This morning I went to Booty Camp. A few weeks ago, I made the decision to spend more money than is really necessary on exercise that is set up in a way that will make me want to go. Southside Booty Camp was my answer. I'm spending enough to spend two days at Disneyland in order to work out outside in a park that overlooks the Space Needle and the Puget Sound with a bunch of other women.
Booty Camp is hard core, but really not that bad. I think the best thing that came out of it is that I realized that I at least have the potential to be hard core again too. I was exhausted when I got home. The 3 flights of switch back stairs in my apartment were the hardest part of the morning... WAY harder than getting up at 5:30am and WAY harder than the sprints and lunges and workout etc.
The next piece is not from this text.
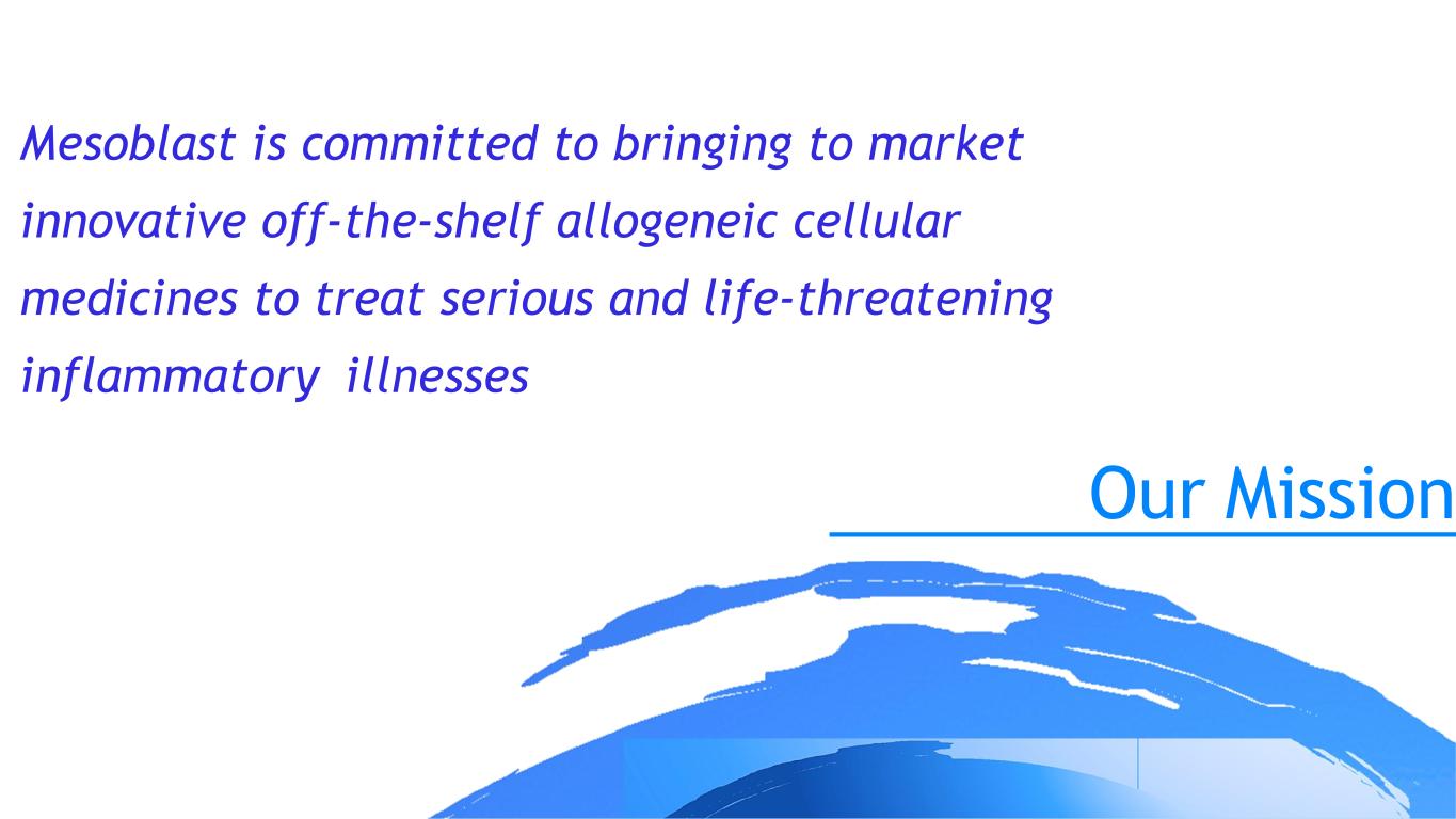 我们的使命Mesoblast致力于将创新的现成同种异体细胞药物推向市场,以治疗严重且危及生命的炎症性疾病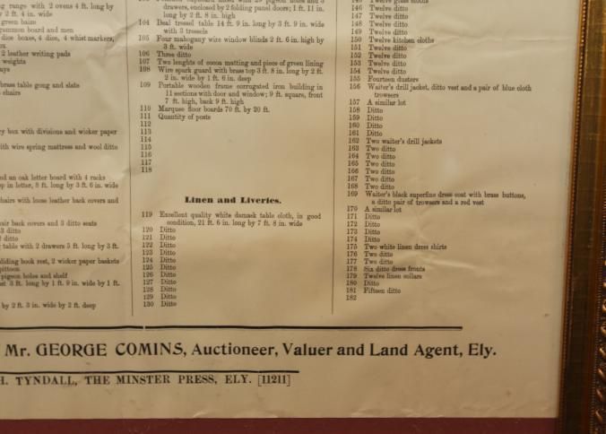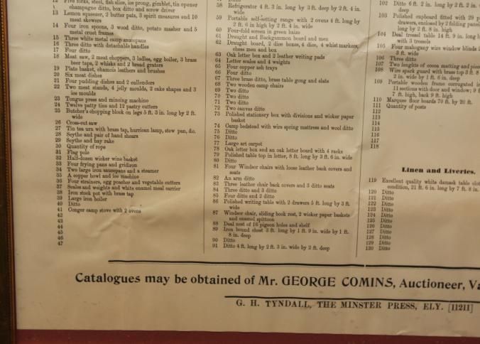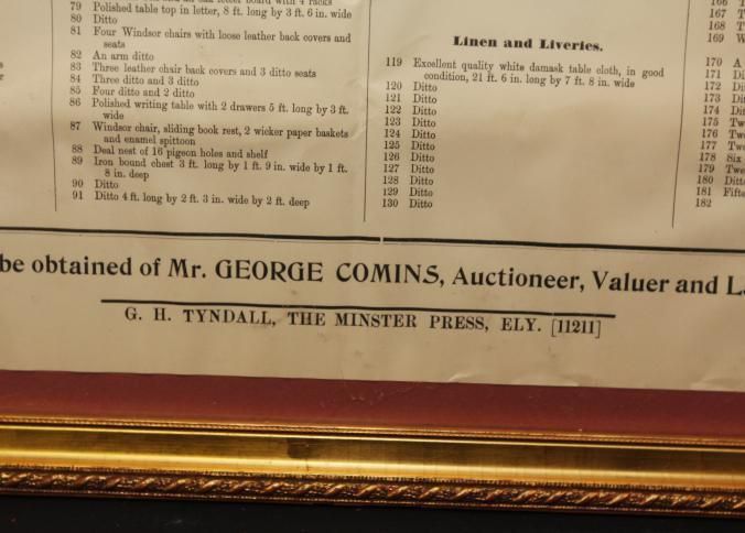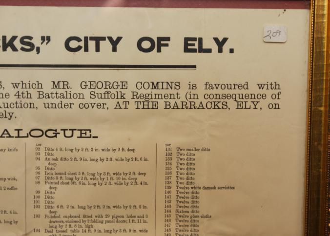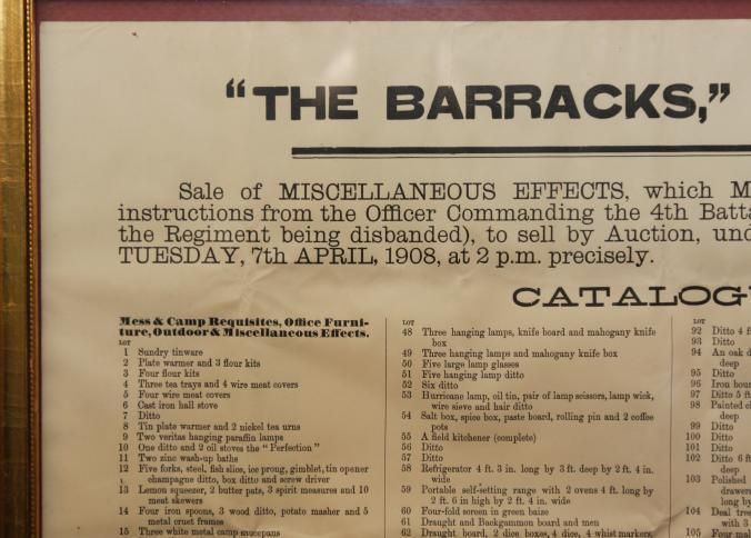 FR. 1908 CATALOG BROADSIDE FOR "THE BARRACKS" AUCTION. 15X18" GEORGE COMINS WAS TO SELL THE CONTENTS OF THE SIBANDED 4TH REGIMENT. AUCTION AT THE BARRACKS ELY.Created By

So now Monday - Thursday from 6:15 -7:15am, I will be working my tail feathers. Hopefully the tail feathers will blossom and grow (they are currently lacking), but the tummy pooch, thunder thighs, and arm jigglers will fall right off. I'm exhausted today and I'm sure I'll be more exhausted tomorrow, but hopefully by the end of this first session (one month long) I will be getting into a groove.
I was joking with a friend yesterday that I'm hoping not to lose any weight or size but just turn was currently is into the creepiest mass of muscle ever seen on a woman. I'm really hoping that doesn't actually happen.
Coincidentally, I've also learned that my body is getting old. It doesn't respond to stretching the way it always has. I found latent strength, but not latent flexibility. I was a little bummed about that.
So hopefully I'll feel better about this body of mine. I've decided that exercise is for how I feel and dieting is for how I look. I can't feel guilty about exercise or I won't do it. I can't feel motivated about dieting because that's just ridiculous... so I've just separated them into two categories and called it good.